Webbots, Spiders, and Screen Scrapers - Michael Schrenk [43]
# Parse the image tags
$img_tag_array = parse_array($web_page['FILE'], "");
if(count($img_tag_array)==0)
{
echo "No images found at $target\n";
exit;
}
Listing 8-7: Parsing the image tags
The Image-Processing Loop
The webbot employs a loop, where each image tag is individually processed. For each image tag, the webbot parses the image file source and creates a fully resolved URL (see Listing 8-8). Creating a fully resolved URL is important because the webbot cannot download an image without its complete URL: the HTTP protocol identifier, the domain, the image's file path, and the image's filename.
$image_path = get_attribute($img_tag_array[$xx], $attribute="src");
echo " image: ".$image_path;
$image_url = resolve_address($image_path, $page_base);
Listing 8-8: Parsing the image source and creating a fully resolved URL
Creating the Local Directory Structure
The webbot verifies that the file path exists in the local file structure. If the directory doesn't exist, the webbot creates the directory path, as shown in Listing 8-9.

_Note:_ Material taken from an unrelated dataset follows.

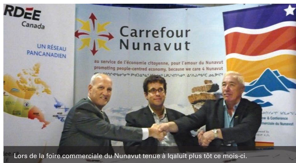
Lors de la foire commerciale du Nunavut tenue à Iqaluit plus tôt ce mois-ci.

Un groupe national de travail composé d'agents de développement économique des communautés francophones et acadienne s'est réuni à Iqaluit entre le 6 et le 10 octobre dernier, pour travailler sur les moyens de stimuler les échanges entre la francophonie et le milieu économique canadien. Carrefour Nunavut a accueilli la délégation dont les participants, incluant le Carrefour, sont tous membres du Réseau de développement économique et d'employabilité (RDÉE) Canada.

if(get_base_domain_address($page_base) == get_base_domain_address($image_url))
{
# Make image storage directory for image, if one doesn't exist
$directory = substr($image_path, 0, strrpos($image_path, "/"));
clearstatcache(); // Clear cache to get accurate directory status
if(!is_dir($save_image_directory."/".$directory)) // See if dir exists
mkpath($save_image_directory."/".$directory); // Create if it
doesn't
Listing 8-9: Creating the local directory structure for each image file
Downloading and Saving the File
Once the path is verified or created, the image is downloaded (using its fully resolved URL) and stored in the local file structure (see Listing 8-10).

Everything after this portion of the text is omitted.